Он набрал воду в солдатский котелок, принес Лизатке, а она выставила завтрак: хлеб, соль, яйца и лук. Ему показалось, не было в его жизни вкуснее еды. Лизатка — она лишь отщипнула хлеб и запила двумя-тремя глотками молока — посмотрела на него как-то странно, будто хотела пожаловаться, но почему-то не посмела. Она опять легла, а он отправился к реке, увязая ногами в илистом дне, вошел по пояс в воду, перемыл миски. Пустил одну миску, заставив ее вращаться, против течения, а когда та воротилась, пустил вторую, следом за ней первую.
Он до того загорелся игрой, что, должно быть, не с первого раза услышал Лизаткин стон. Лизатка стонала и кричала так, словно кто напал на нее и она решила отбиться без посторонней помощи. Он прижал миски к груди, медленно, не переставая слушать, начал высвобождать из засасывающей жижи ногу, и тут воздух над ним прорезал страшный Лизаткин крик. Он, мгновенно задрожав всем телом, забарахтался в воде, сжал миски — никакое это, конечно, не оружие, а все-таки не пустые руки, — и, плохо помня себя, маленьким зверем метнулся к шалашику.
— Миша-а-а! — неслось навстречу. — Спасай, братец!.. Спасай!..
Он на бегу огляделся, подлетел к лазу, разглядел белеющее в полутьме платье Лизатки, ее обезумевшие неизвестно отчего глаза и на какое-то мгновение застыл в оцепенении: от кого спасать, от чего?
— Миша, миленький, не смотри сюда, — наконец сказала Лизатка, перелегла с бока на спину. — Беги в деревню.

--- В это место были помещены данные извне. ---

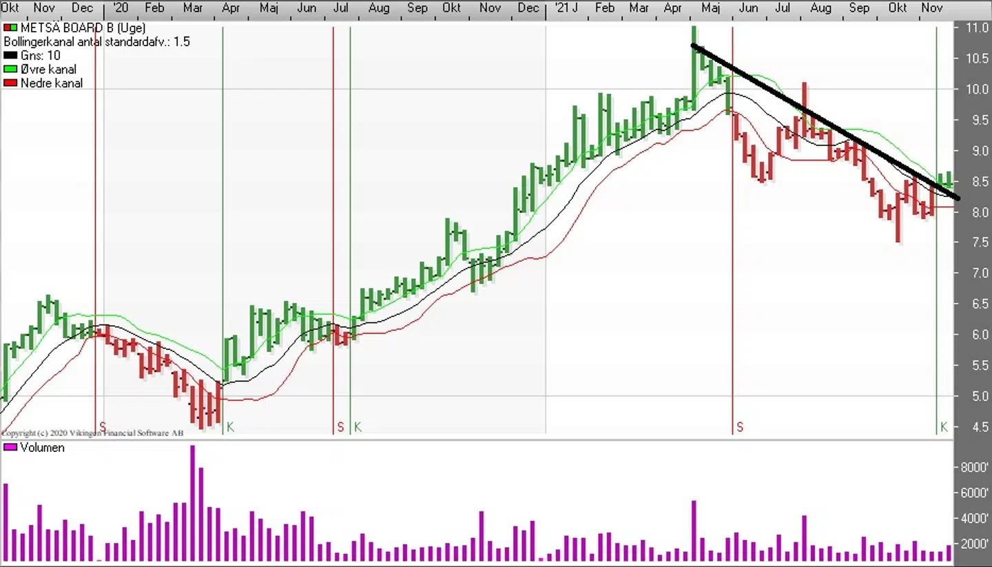 På dagsniveauet er der Metsä Board-aktien igen etablerede købssignal. Bollingerkanalen har været i køb siden midten af november. De glidende gennemsnit har etablerede et ”Golden Cross” for 8 dage siden. Det lange glidende gennemsnit lige i niveauet 8,3 som en støttelinie.

Кого увидишь, зови… Если найдешь фельдшера, кликни!..
Он, забыв оставить миски, так с ними и побежал в деревню. Вслед ему, теперь уже приглушенно, как будто из-под земли, протянулся крик, подстегнул.
Деревня, как всегда в таких случаях, когда до зарезу требуется хоть какой человек, была пуста.
Он добежал до крыльца фельдшерского пункта, еще издали видя, что бежит напрасно — на двери висел замок. Кинулся к одним воротам, к другим — никого. Уже потом, оглянувшись, заметил стоявшую внизу, возле реки, кузницу, услышал тонкий переливчатый звон наковальни.
Кузнец, хромой латыш, о котором Еранцев знал, что он приехал сюда с семьей в начале войны, долго не мог разобраться, о чем ему говорят. С кузнецом он был знаком: приходил по поручению Лизатки расплатиться за какую-то работу. Латыш деньги не брал, предпочитал харчишки, и он принес ему в старой кепке Григория два десятка яиц. Увидев свежего человека, кузнец пристально сквозь сильные очки пригляделся к нему, улыбнулся и снял с головы картуз. Еранцев, высоко держа кепку, стал высыпать в картуз яйца, как если бы сроду не знал, что они бьются, вот до чего растерялся. Но все, слава богу, обошлось благополучно — ни одно яйцо не разбилось. Тогда они — кузнец и он — одновременно засмеялись.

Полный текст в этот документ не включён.